■ **Dataset content**:

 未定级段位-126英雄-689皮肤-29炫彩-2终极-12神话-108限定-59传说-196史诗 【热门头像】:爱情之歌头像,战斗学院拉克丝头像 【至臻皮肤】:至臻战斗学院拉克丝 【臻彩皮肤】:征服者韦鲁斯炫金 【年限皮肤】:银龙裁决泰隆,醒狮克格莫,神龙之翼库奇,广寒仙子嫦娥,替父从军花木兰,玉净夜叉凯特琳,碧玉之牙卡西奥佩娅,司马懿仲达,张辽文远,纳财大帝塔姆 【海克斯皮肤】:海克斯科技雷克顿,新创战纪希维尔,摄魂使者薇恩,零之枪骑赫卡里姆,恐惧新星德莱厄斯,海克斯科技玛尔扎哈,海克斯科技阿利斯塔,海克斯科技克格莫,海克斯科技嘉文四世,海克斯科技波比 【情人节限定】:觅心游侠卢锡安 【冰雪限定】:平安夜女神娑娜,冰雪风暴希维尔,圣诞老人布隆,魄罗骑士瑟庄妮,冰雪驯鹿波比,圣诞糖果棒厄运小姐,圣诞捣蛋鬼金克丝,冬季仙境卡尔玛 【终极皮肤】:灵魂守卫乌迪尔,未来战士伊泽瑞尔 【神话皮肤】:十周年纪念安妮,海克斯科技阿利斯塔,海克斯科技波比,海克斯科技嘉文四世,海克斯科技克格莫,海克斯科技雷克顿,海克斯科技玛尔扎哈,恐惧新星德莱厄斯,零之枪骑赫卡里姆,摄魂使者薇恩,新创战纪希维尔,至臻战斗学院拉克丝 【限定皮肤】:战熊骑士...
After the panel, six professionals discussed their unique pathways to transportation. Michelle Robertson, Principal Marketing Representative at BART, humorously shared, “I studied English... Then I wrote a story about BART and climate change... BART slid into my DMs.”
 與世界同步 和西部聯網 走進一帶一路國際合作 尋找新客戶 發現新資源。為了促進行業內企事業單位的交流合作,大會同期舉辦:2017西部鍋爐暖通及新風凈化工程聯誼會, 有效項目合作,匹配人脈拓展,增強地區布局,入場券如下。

==

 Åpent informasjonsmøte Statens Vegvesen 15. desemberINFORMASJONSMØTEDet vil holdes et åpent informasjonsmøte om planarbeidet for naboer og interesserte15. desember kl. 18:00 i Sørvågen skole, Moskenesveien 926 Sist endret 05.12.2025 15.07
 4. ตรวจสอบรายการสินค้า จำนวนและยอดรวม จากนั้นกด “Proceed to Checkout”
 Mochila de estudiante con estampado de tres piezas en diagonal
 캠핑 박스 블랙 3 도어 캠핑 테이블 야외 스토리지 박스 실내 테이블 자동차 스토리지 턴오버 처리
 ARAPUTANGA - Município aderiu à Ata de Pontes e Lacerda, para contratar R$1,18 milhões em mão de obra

■ **What is required**: Give the exact lines, and only those, from the line containing "Åpent informasjonsmøte Statens" through the line containing "ARAPUTANGA - Município" in the entries above.

■ **Task answer**:
 Åpent informasjonsmøte Statens Vegvesen 15. desemberINFORMASJONSMØTEDet vil holdes et åpent informasjonsmøte om planarbeidet for naboer og interesserte15. desember kl. 18:00 i Sørvågen skole, Moskenesveien 926 Sist endret 05.12.2025 15.07
 4. ตรวจสอบรายการสินค้า จำนวนและยอดรวม จากนั้นกด “Proceed to Checkout”
 Mochila de estudiante con estampado de tres piezas en diagonal
 캠핑 박스 블랙 3 도어 캠핑 테이블 야외 스토리지 박스 실내 테이블 자동차 스토리지 턴오버 처리
 ARAPUTANGA - Município aderiu à Ata de Pontes e Lacerda, para contratar R$1,18 milhões em mão de obra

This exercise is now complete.